__WHAT YOU HAVE TO DO__
From the line with "Talk Techniczny - Ułatwia" to the line with "图 2. MLLM Token 压缩方法的系统分类", output every line below exactly, both ends included. Skip the pictures.

__GIVEN INFORMATION__
# # #

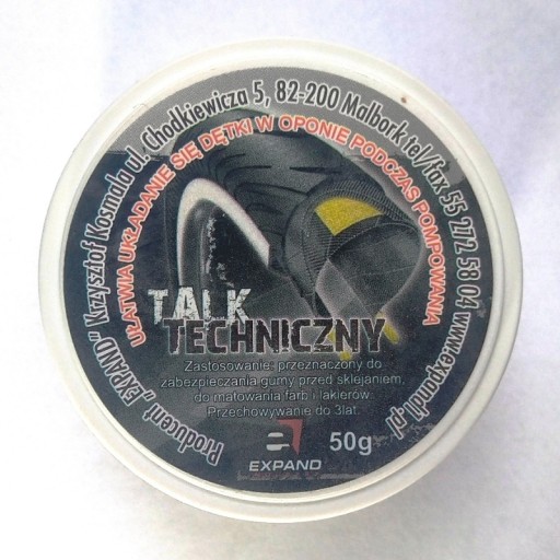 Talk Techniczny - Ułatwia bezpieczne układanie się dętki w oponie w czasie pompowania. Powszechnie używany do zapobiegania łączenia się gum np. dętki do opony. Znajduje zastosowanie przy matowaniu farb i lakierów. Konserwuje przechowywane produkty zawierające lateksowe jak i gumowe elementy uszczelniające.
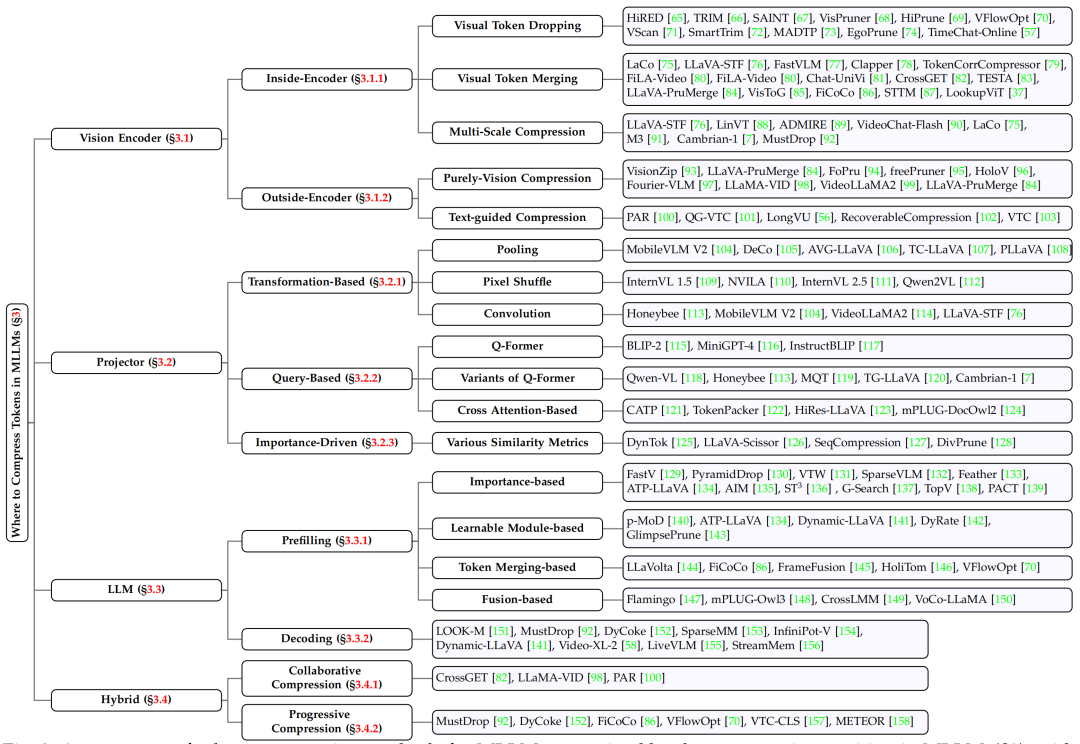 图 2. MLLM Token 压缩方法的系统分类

# # #

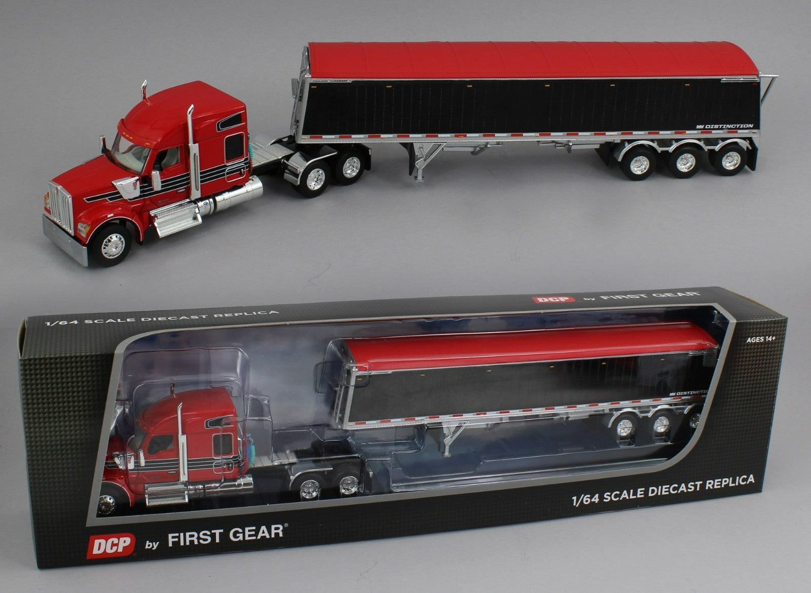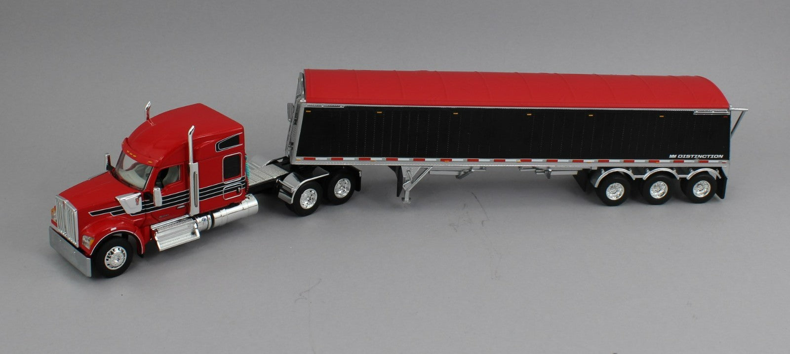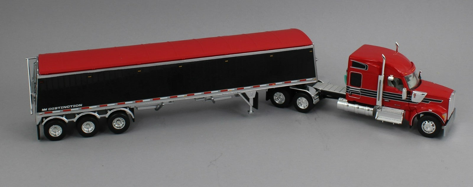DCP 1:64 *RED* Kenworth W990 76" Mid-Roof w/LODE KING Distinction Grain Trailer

# # #

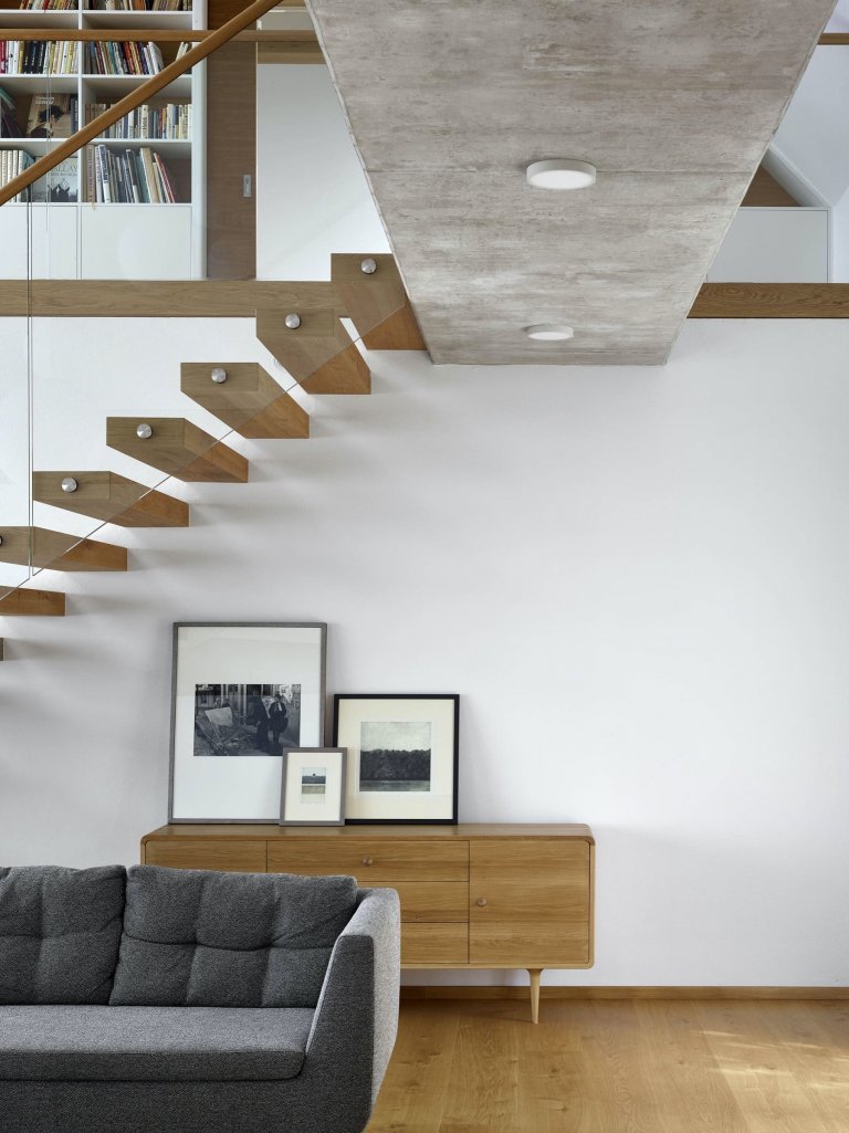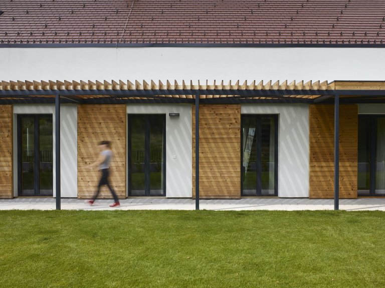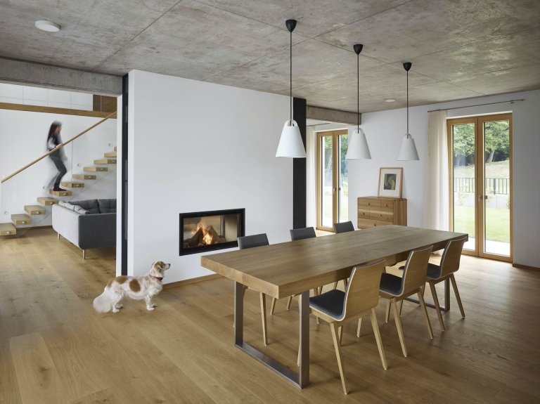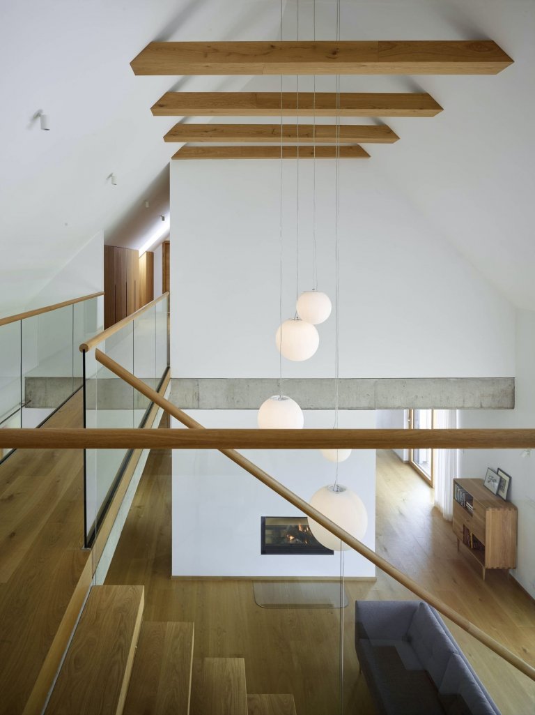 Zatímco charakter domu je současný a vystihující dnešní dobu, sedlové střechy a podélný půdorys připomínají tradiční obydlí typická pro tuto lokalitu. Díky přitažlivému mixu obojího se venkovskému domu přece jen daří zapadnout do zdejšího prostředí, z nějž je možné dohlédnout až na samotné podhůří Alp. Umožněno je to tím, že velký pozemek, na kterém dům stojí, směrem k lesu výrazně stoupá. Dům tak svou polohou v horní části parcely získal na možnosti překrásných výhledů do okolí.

# # #

__THE COMPLETED TASK__
 Talk Techniczny - Ułatwia bezpieczne układanie się dętki w oponie w czasie pompowania. Powszechnie używany do zapobiegania łączenia się gum np. dętki do opony. Znajduje zastosowanie przy matowaniu farb i lakierów. Konserwuje przechowywane produkty zawierające lateksowe jak i gumowe elementy uszczelniające.
 图 2. MLLM Token 压缩方法的系统分类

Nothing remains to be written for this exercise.